Сделавши это, он лег в постель покойнее, стал думать о бедности и жалкой судьбе художника, о тернистом пути, предстоящем ему на этом свете; а между тем глаза его невольно глядели сквозь щелку ширм на закутанный простынею портрет. Сиянье месяца усиливало белизну простыни, и ему казалось, что страшные глаза стали даже просвечивать сквозь холстину. Со страхом вперил он пристальнее глаза, как бы желая увериться, что это вздор. Но наконец уже в самом деле… он видит, видит ясно: простыни уже нет… портрет открыт весь и глядит мимо всего, что ни есть вокруг, прямо в него, глядит просто к нему вовнутрь… У него захолонуло сердце. И видит: старик пошевелился и вдруг уперся в рамку обеими руками. Наконец приподнялся на руках и, высунув обе ноги, выпрыгнул из рам… Сквозь щелку ширм видны были уже одни только пустые рамы. По комнате раздался стук шагов, который наконец становился ближе и ближе к ширмам. Сердце стало сильнее колотиться у бедного художника. С занявшимся от страха дыханьем он ожидал, что вот-вот глянет к нему за ширмы старик. И вот он глянул, точно, за ширмы, с тем же бронзовым лицом и поводя большими глазами. Чартков силился вскрикнуть – и почувствовал, что у него нет голоса, силился пошевельнуться, сделать какое-нибудь движенье – не движутся члены. С раскрытым ртом и замершим дыханьем смотрел он на этот страшный фантом высокого роста, в какой-то широкой азиатской рясе, и ждал, что станет он делать. Старик сел почти у самых ног его и вслед за тем что-то вытащил из-под складок своего широкого платья. Это был мешок. Старик развязал его и, схвативши за два конца, встряхнул: с глухим звуком упали на пол тяжелые свертки в виде длинных столбиков; каждый был завернут в синюю бумагу, и на каждом было выставлено: “1000 червонных”. Высунув свои длинные костистые руки из широких рукавов, старик начал разворачивать свертки. Золото блеснуло. Как ни велико было тягостное чувство и обеспамятевший страх художника, но он вперился весь в золото, глядя неподвижно, как оно разворачивалось в костистых руках, блестело, звенело тонко и глухо и заворачивалось вновь».

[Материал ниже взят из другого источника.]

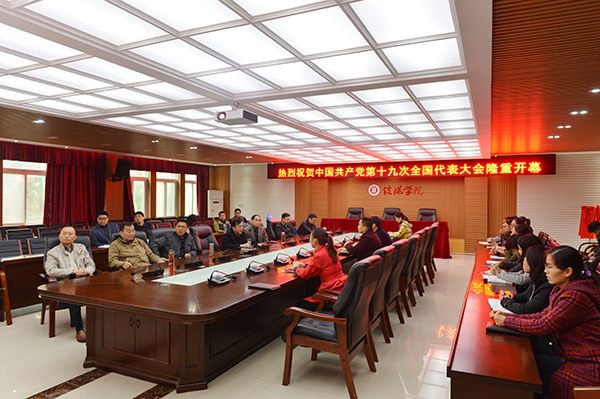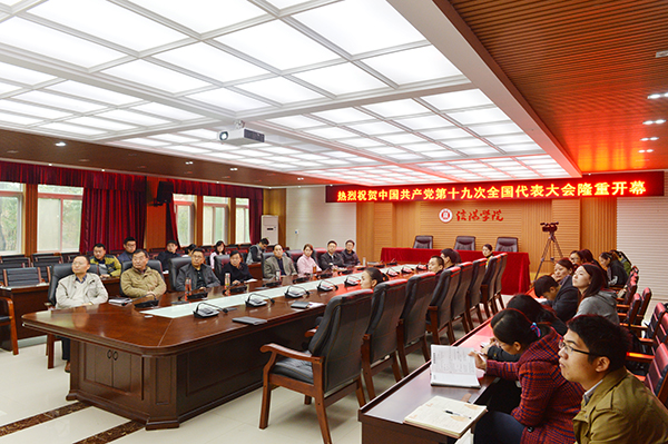 在学校行政楼208会议室,名誉校长王北生,专职书记施昌海,常务副校长傅洪涛,副校长王志华、毛海涛,理事会理事、工会主席高雅,纪委书记杨高伟和近百名机关干部及学生党员代表集中观看了十九大开幕会直播盛况。在各学院会议室、教研室、实验室,有关党员干部和师生代表分别集中观看大会直播盛况。众多师生通过学校大屏幕及手机等观看大会直播盛况。
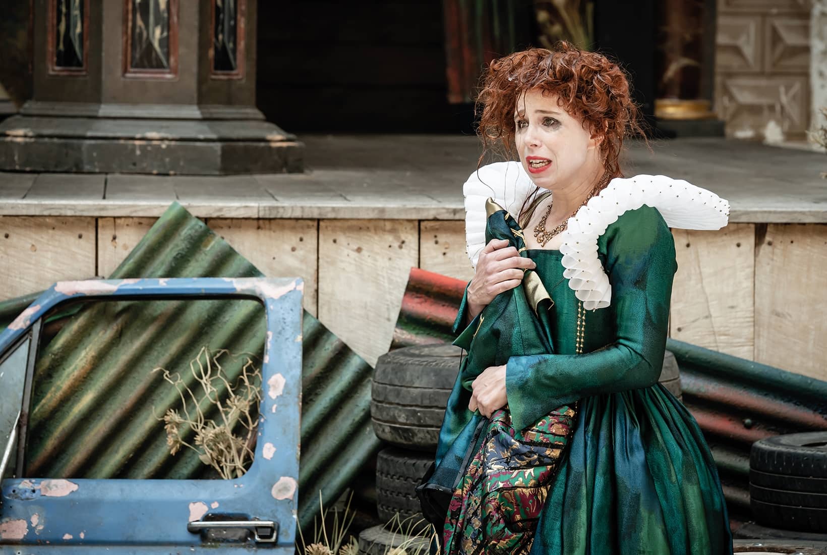 Sean Holmes’s Twelfth Night is the usual mash-up of influences and styles. The setting is partly modern and partly historic but the designer, Jean Chan, has an excellent eye and knows how to create visual effects that serve the story. The twins, Sebastian and Olivia, are dressed in matching emerald breeches and their wigs are similar so it’s understandable that everybody muddles them up. At the south-east corner of the stage is a wrecked truck which doubles as a hiding place and as a stepladder to the playing area. Neat idea. One of the guards wears the natty black togs of an LAPD cop, complete with a white helmet and aviator shades. Why? Because the costume is great to look at. No other reason is needed.
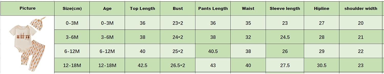 0-3M Tops Length: 36 Bust: 46 Sleeve: 23 Shoulder: 20 Pants Length: 36 Waist: 35 Hip: 54 Advised Age: 0-3 Months
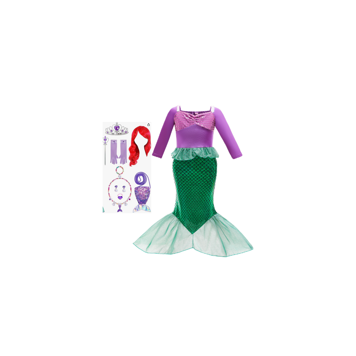 Esta fantasia de sereia para meninas é uma das mais completas e detalhadas, pois inclui 10 peças para conseguir um visual autêntico. Além do vestido de uma peça , o conjunto inclui uma peruca vermelha, bolsa espinha de peixe, tiara, varinha mágica, luvas combinando e um conjunto de joias de inspiração náutica . Disponível em vários tamanhos, é o presente perfeito para pequenos sonhadores que amam o mundo mágico das sereias e aventuras subaquáticas. Uma fantasia charmosa que fará qualquer garota brilhar!
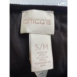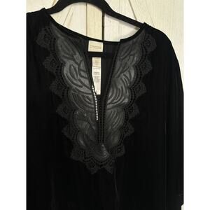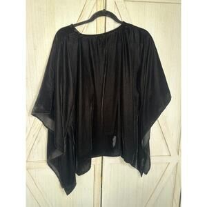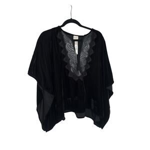 Chico’s Goth Witchy Black Velvet Poncho Top Faux Leather Embroidered Neck S/M
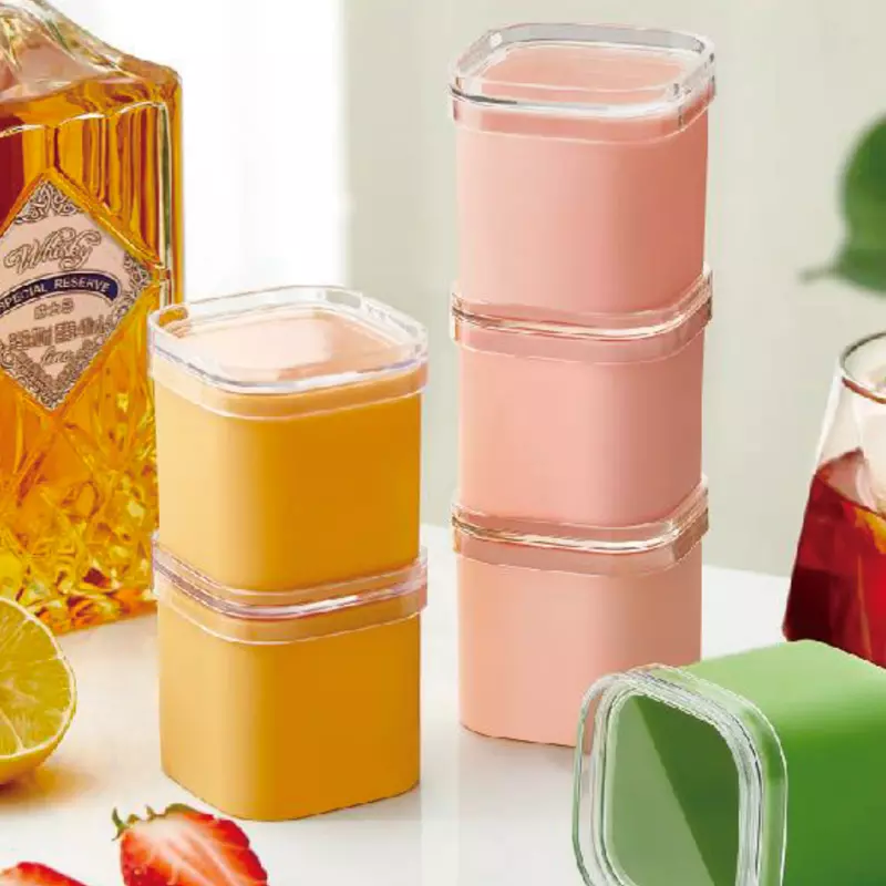 5.5cm inch wide design, 80ml gold capacity for frozen fruits, storing complementary foods, and storing sauces. One box can be used for multiple purposes and is highly versatile. The independent box design offers a unique flavor for each side. The transparent lid allows you to see exactly what's inside. The flexible silicone material brings a different experience. The mold comes out completely, allowing you to fully enjoy the refreshing summer taste.
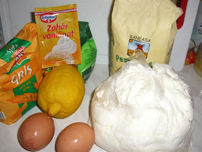 Mix the cheese in a bowl with some salt, eggs, lemon peel, orange peel and sugar
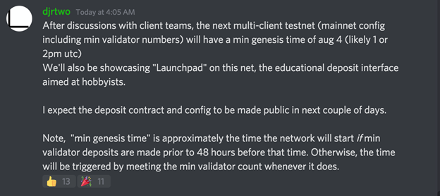 Decrypt приводит скриншот переписки Райана с коллегами в Discord, в которой он делится своими мыслями в отношении тайминга запуска мультиклиентской тестовой сети. Ее генезис-блок может быть заложен в 13:00 или 14:00 UTC 4 августа. В ней предусмотрят возможность внесения депозитов в образовательных целях. Подробности будут раскрыты позже.

Обратите внимание на взгляд двойника, проникающий прямо в душу героя: «глядит мимо всего, что ни есть вокруг, прямо в него, глядит просто к нему вовнутрь…»
Чем все это кончилось, вы знаете. Деньги призраком действительно были выданы (они нашлись в раме картины), Чартков не стал служить истинному искусству, стал модным художником, погубил свой талант и утратил разум:
«Припадки бешенства и безумия начали оказываться чаще, и наконец все это обратилось в самую ужасную болезнь. Жестокая горячка, соединенная с самою быстрою чахоткою, овладела им так свирепо, что в три дня оставалась от него одна тень только. К этому присоединились все признаки безнадежного сумасшествия. Иногда несколько человек не могли удержать его. Ему начали чудиться давно забытые, живые глаза необыкновенного портрета, и тогда бешенство его было ужасно. Все люди, окружавшие его постель, казались ему ужасными портретами. Он двоился, четверился в его глазах; все стены казались увешаны портретами, вперившими в него свои неподвижные, живые глаза. Страшные портреты глядели с потолка, с полу, комната расширялась и продолжалась бесконечно, чтобы более вместить этих неподвижных глаз».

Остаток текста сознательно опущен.